Thursday, 18 December 2008

Fighting Economic Bad Times: Give a Ticket, Buy a Book, Promote Infrastructure Projects

"Recession? What recession?" was the headline on a story in Quill and Quire’s online edition Tuesday. Canada’s publishing industry magazine reports that independent book stores seem to be doing pretty well so far, thank you very much, despite the terrible economic news. That could be because bad news has led to poor expectations or because last year—when the Canadian dollar was near par with the US dollar but book prices hadn’t caught up—was quite a bad year and any up tick looks good, Q&Q says.

The last couple of days I’ve spent some time in bookstores, shopping for friends and family.

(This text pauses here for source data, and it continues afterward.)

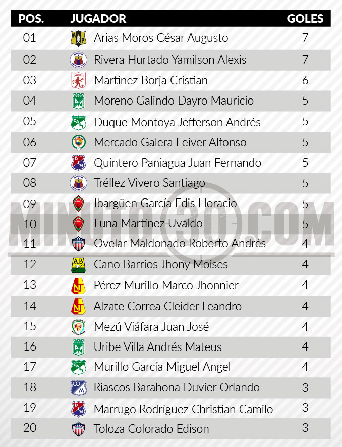 También entró en la puja el integrante del América, Cristian Martínez Borja, quien con su activa participación en la victoria de su equipo 4-2 ante Once Caldas, ajustó 6 anotaciones.
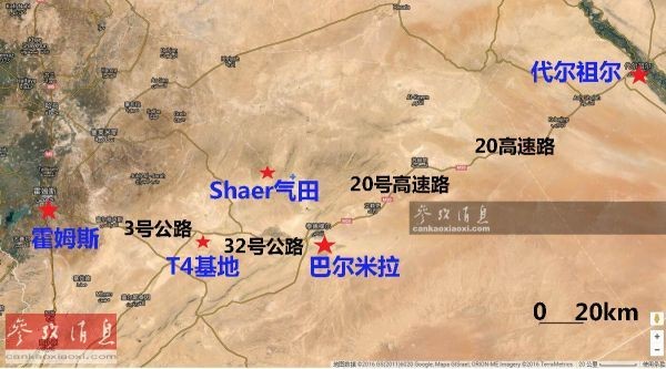 此外,距T4基地东北约50公里处就是叙利亚的重要天然气产区Shaer气田所在地。围绕这座财富源泉,从2014年7月至今,叙政府军与IS至少爆发过3次大规模战斗(外媒称“3次Shaer气田之战”)。就在不久前的5月早些时候,IS重新夺回了气田控制权,从而对32号公路、20号高速路和T4基地构成了直接威胁。
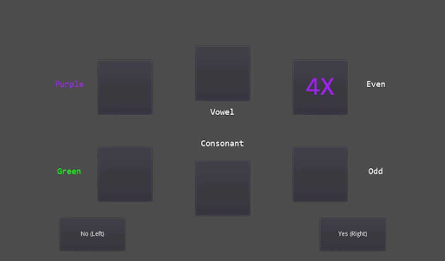 This game is inspired by other task-switching and response inhibition training games. The player is presented with a colored letter + number sequence, like "A2" in yellow, which appears in one of six boxes on the screen. These boxes each represent one of the six rules; odd, even, consonant, vowel, color 1 or color 2.
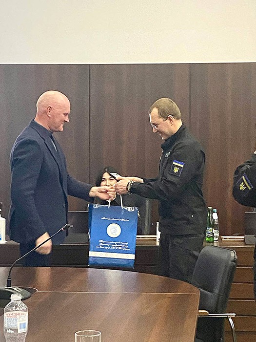 Під час урочистостей Валерій М’ясоєдов виступив з вітальним словом, наголосивши на важливості зберігання традицій наступності та підтримання наукових зв’язків між нашими закладами задля розвитку судової медицини в Харкові та України в цілому.
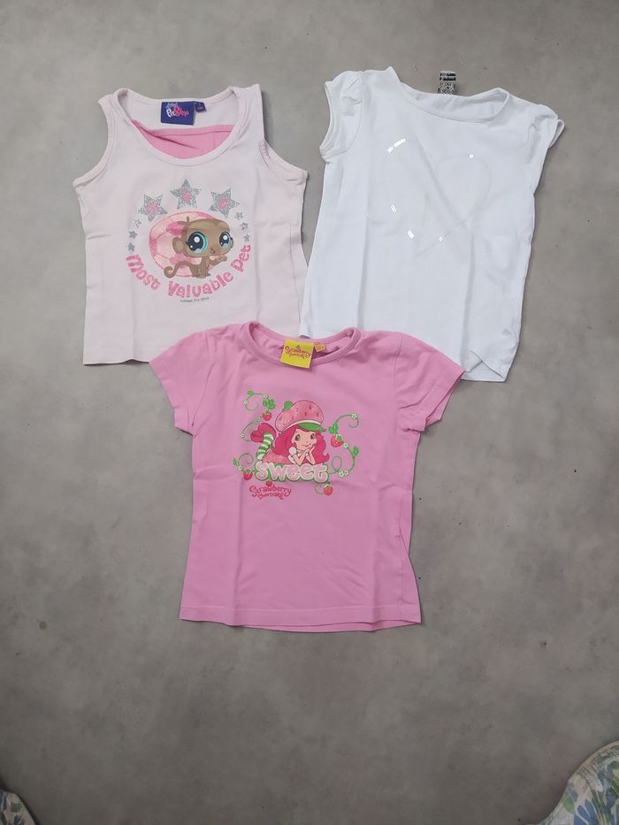3 hauts manches courtes en très bon état 1 tape à l'oeil 1 littlest Petshop 1 Strawberry Shortcake

At the excellent children’s book store Babar en ville, staff said that things going well, more or less to their surprise. Chapters in downtown Montreal was packed when I was through in mid-afternoon yesterday as was nearby Paragraphe books. And at Drawn and Quarterly, the eclectic store run by the even more eclectic publishing house, there was a line of young people at the cash, waiting to be served.

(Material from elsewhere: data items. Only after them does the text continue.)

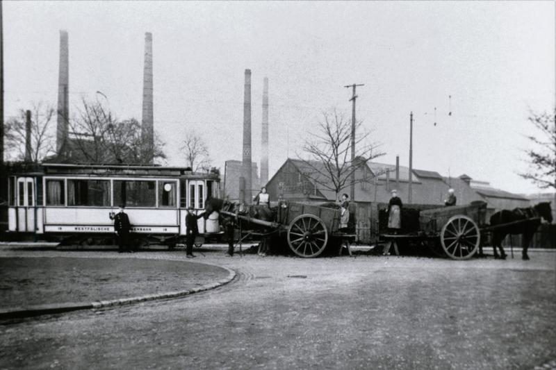 Für diese Transporte kamen Selbstentladewagen zum Einsatz: Die Kohle wurde an der Haltestelle Rüdinghauserstraße abgekippt und dann mit Pferdefuhrwerken zu den Hüttenbetrieben transportiert.
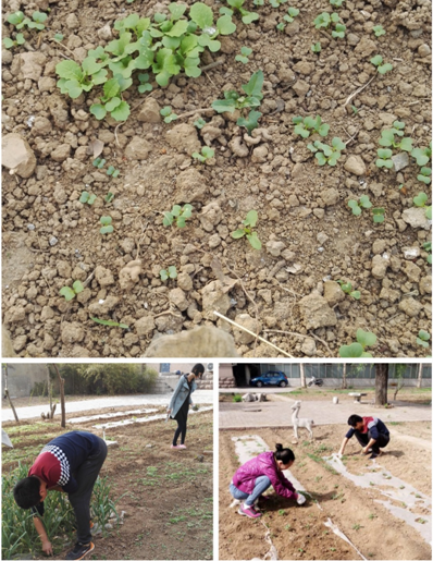 到了監(jiān)理處,看到院子里確實(shí)不少草也挺高了,還拿著大剪刀剪了剪拔高的草,不錯(cuò),還挺好用的。沒一會(huì)監(jiān)理處的人來了,領(lǐng)著我們?nèi)ズ笤?,后院是一片菜園子,原來是拔菜地里的草,大剪子是用不到了。人家告訴我們?cè)趺窗尾?。我蹲下看著綠油油的菜或者草,傻傻分不清楚,人家說這是黃瓜秧苗,那個(gè)就是草,可我看著咋都覺著一個(gè)樣。突然想起老公之前說,你們城市奧特曼是體會(huì)不到我們農(nóng)村葫蘆娃在麥地長(zhǎng)大的樂趣的,一個(gè)囧字涌上心頭,終于分清了黃瓜秧苗和草的區(qū)別。好在我們司機(jī)之前去拔過野菜,車上有兩把鏟子,拔草的活頓時(shí)輕松了不少,當(dāng)然再輕松也抵不過工作量的大。
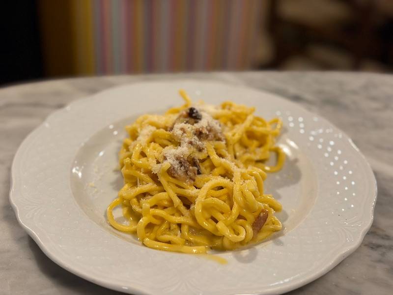 Паста тоннарелли с яйцами, копченой свиной щекой, сыром пекорино и черным перцем.
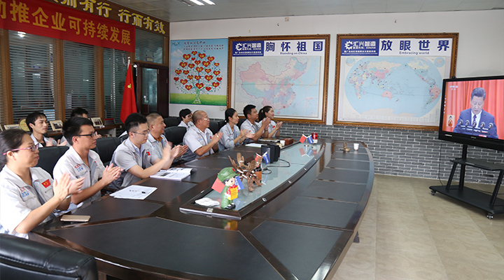 10月18日,中國共產黨第十九次全國代表大會在北京隆重開幕,廣東匯興精工智造股份有限公司(股票代碼:839258)黨支部積極組織黨員收聽收看大會開幕盛況,匯興黨員同志們為十九大確定的奮斗目標、描繪的宏偉藍圖歡欣鼓舞,紛紛表示要以十九大精神為指引,積極投身科學發展的偉大實踐,為建設現代工業4.0做出貢獻。
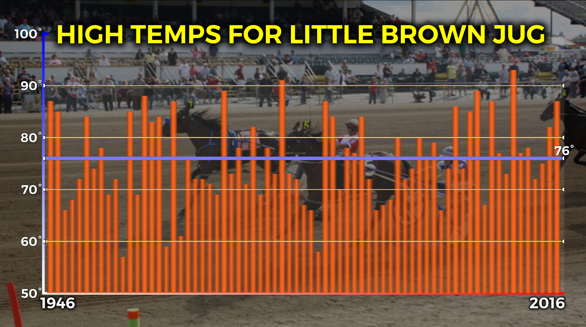 Delaware (WCMH) – Thursday the races for the Little Brown Jug will go on at the Delaware County Fair on the first day of Autumn. High temps will be well above normal on Thursday in the upper 80s, warm, but not the hottest ever recorded for the races (93 in 2010).Below is a plot of the 71 year running for the Little Brown Jug (1946-2016)

Books make great gifts. They last a long time, they can be found in all price-ranges, and are suitable for all tastes and age groups. Tickets to events are more transitory as gifts, but the memories of good dance, music or theatre performances can last forever

And books written and published close to home, as well as tickets to local performances are just what the doctor ordered when it comes to economic stimulus. The money goes into the pockets of nearby producers and creators, rather than into coffers of companies far away. Money that goes around near you comes around near you too.

That’s part of the reason why any governmental stimulus package should include projects close to home, particularly infrastructure undertakings. A tax cut won’t help much, as The Globe and Mail eloquently argued on Monday. “People Can’t Be Bribed into Spending.”

Further note on the problems of depending too much on corporate and private sector sponsors: the Montreal International Jazz Festival is bracing for tougher times as GM announces it will pull out of sponsorship after next June’s 30th anniversary celebration. Who’s going to step up to the bat on this one?